For those of us who live in the Northwest, (I'm in the Eastern part of Washington), we have the opportunity to be the first people in the lower 48 each Spring to taste this delicious salmon. It comes from the Copper River in Alaska. The season is very short and the price tends to be high because only a small amount of salmon are harvested. The meat is almost red in color due to the high oil content of the salmon. And it's that oil that makes it moist, tender and delicious. People actually put in advance orders at their fish counter to reserve one of these precious salmon. The season must be good this year because in my fish market it was only $14.99 a pound last Friday. That is cheap considering the fact that in recent years Copper River Salmon was as high as $35.00 a pound in my area.

The fishermen in Alaska and some of Seattle's best restaurants sponsor a competition each year to see who can be the first to get Copper River Salmon onboard Alaska Airlines and down to Seattle in time to get on the evening's dinner menu.

Here are photos of Friday night's dinner. The Copper River Salmon was the entree.

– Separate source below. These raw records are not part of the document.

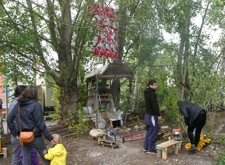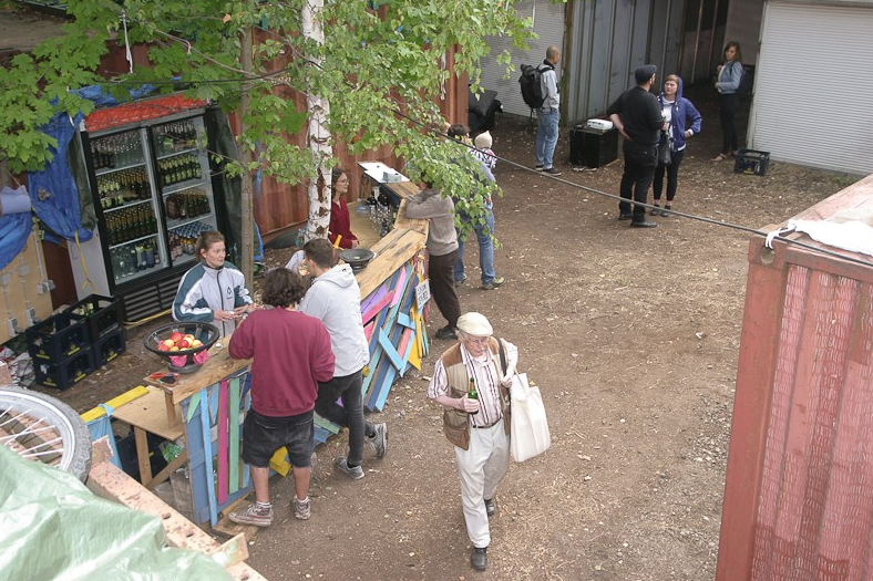 Fast selbst ein Kunstobjekt: Die selbstgezimmerte Open-Air-Bretterbar. Foto: Klaus Knodt
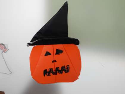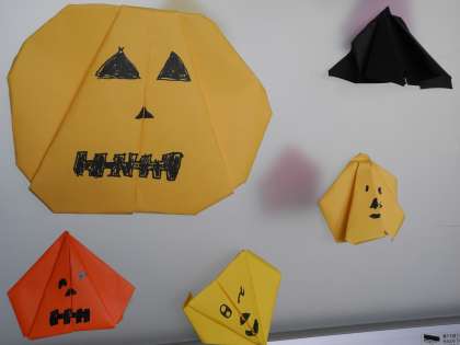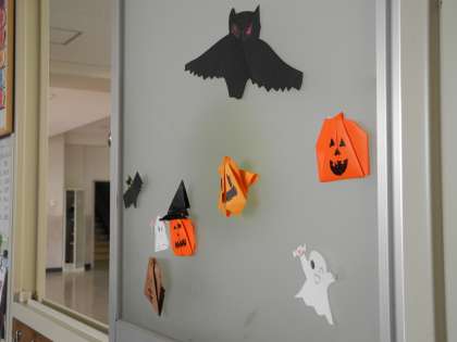2年生の教室の窓です。折り紙で作ったハロウィンの飾りは、とてもかわいいです。
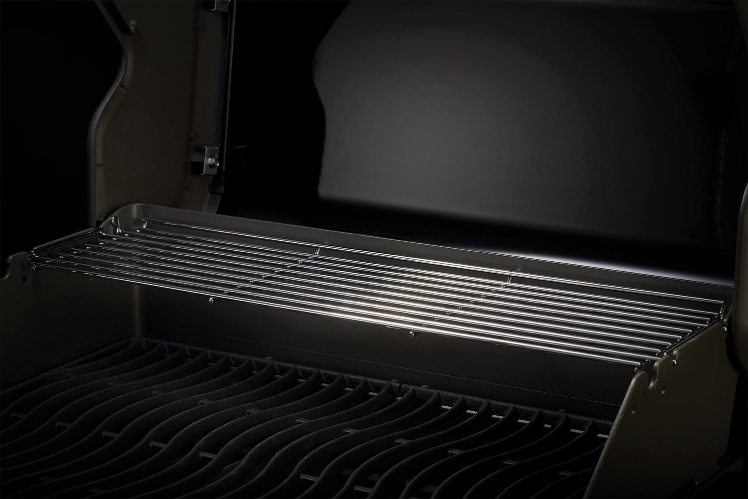 Paistopinnan yläpuolella olevaa lämmitysritilää käytät esimerkiksi pitempää kypsymistä vaativille ruoille ja se antaa tarvittaessa lisätilaa ruokien lämpimänä pitämiseen. Tuplakuorinen ruostumattomasta teräksestä valmistettu grillikupu heijastaa lämpöä takaisin paistopinnalle, sekä suojaa kuvun päällimmäisen kuoren korkeasta lämpötilasta aiheutuvaa värjäytymistä.
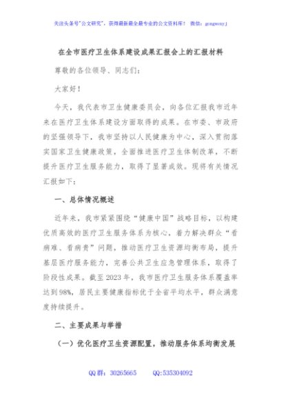 / 在全市医疗卫生体系建设成果汇报会上的汇报材料
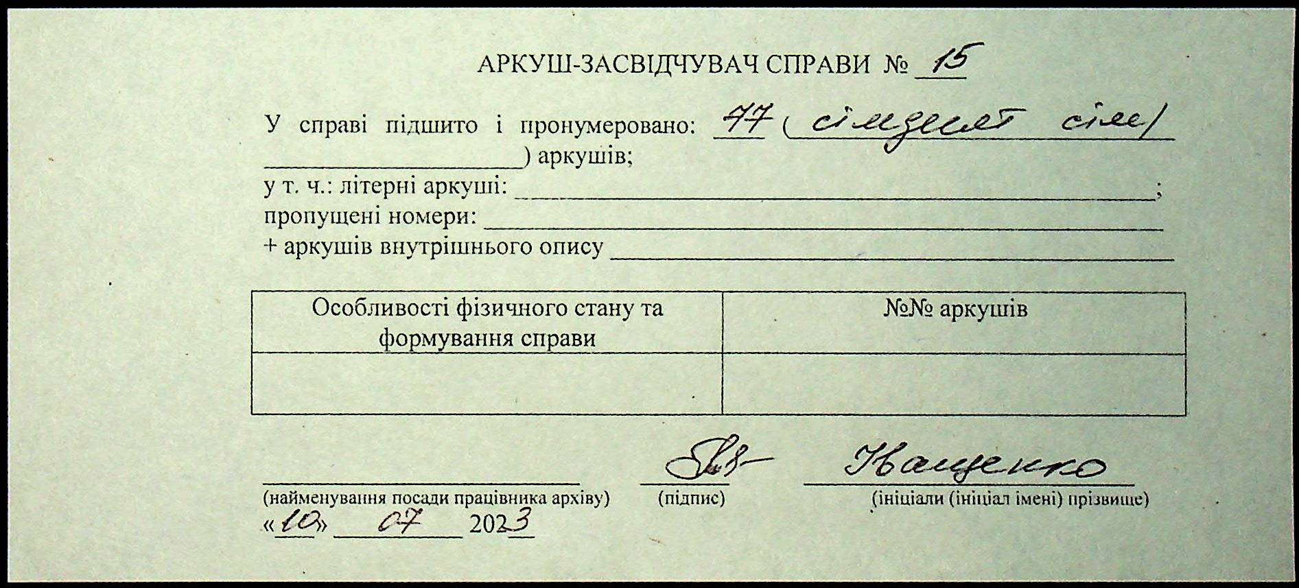 Фонд Н-1588 / Опис 5 / Справа 015
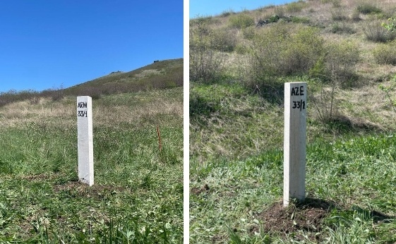△左为亚美尼亚界桩,右为阿塞拜疆界桩
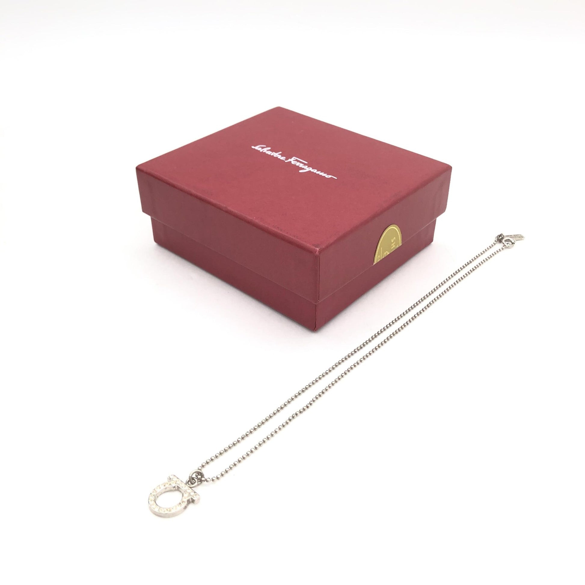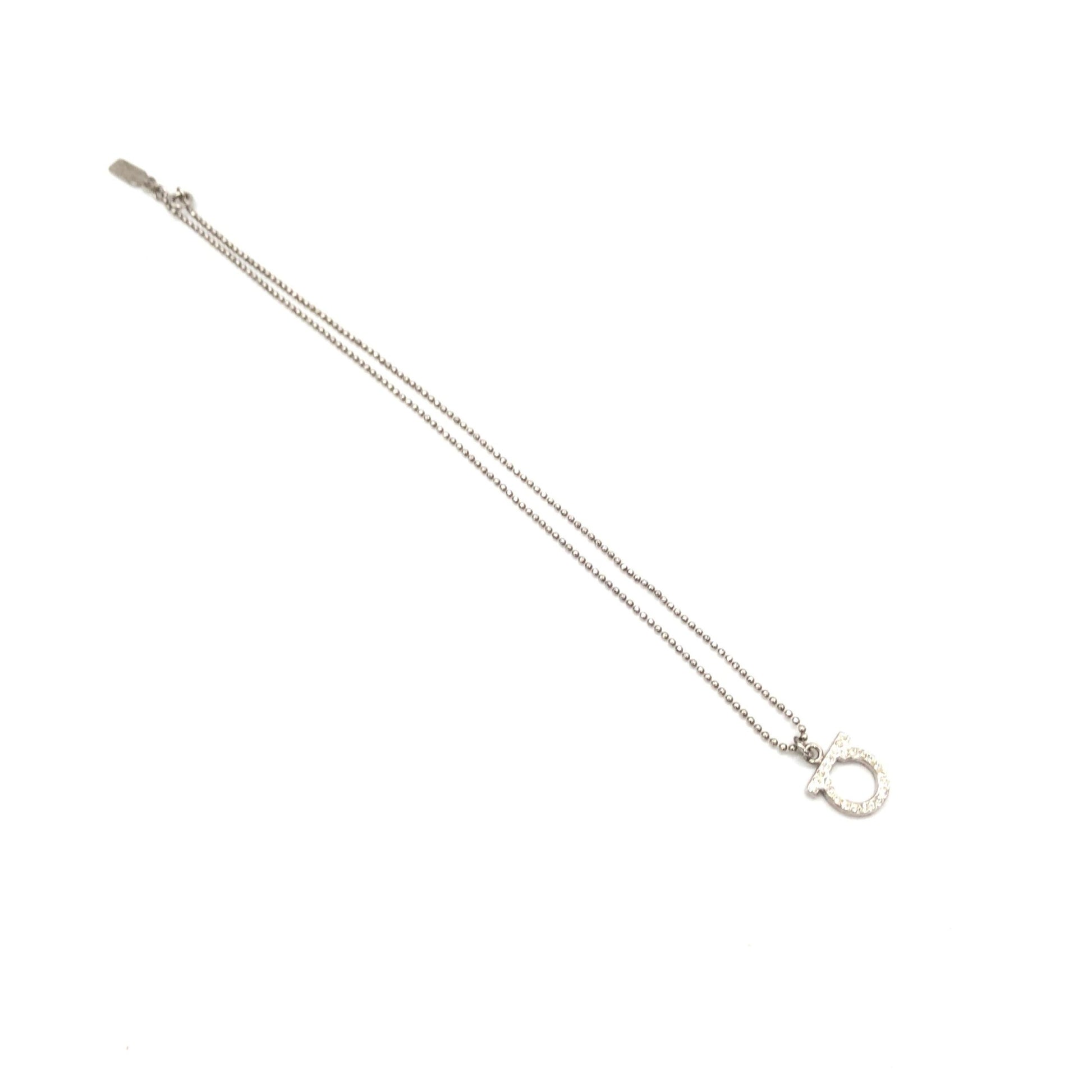 Presenting an exquisite piece from the renowned house of Salvatore Ferragamo: a Silver Plated Necklace with a Crystal Pendant. This elegant accessory embodies the timeless sophistication and meticulous craftsmanship that Ferragamo is celebrated for.

The starter was a take on a recipe I got from the Roux Brothers Le Gavroche cookbook-with a few of my own changes. It is a salad of watercress tossed with a black truffle vinaigrette. The dressing is actually the consistency of thick mayonnaise rather than the runny consistency of a traditional vinaigrette. The recipe called for presenting the salad in a 'bowl' made of melted parmesan-like a parmesan wafer. I served the salad on a 'crouton' that I sauteed in lots of butter. I added the fresh radishes on the side with some more of the truffle vinaigrette.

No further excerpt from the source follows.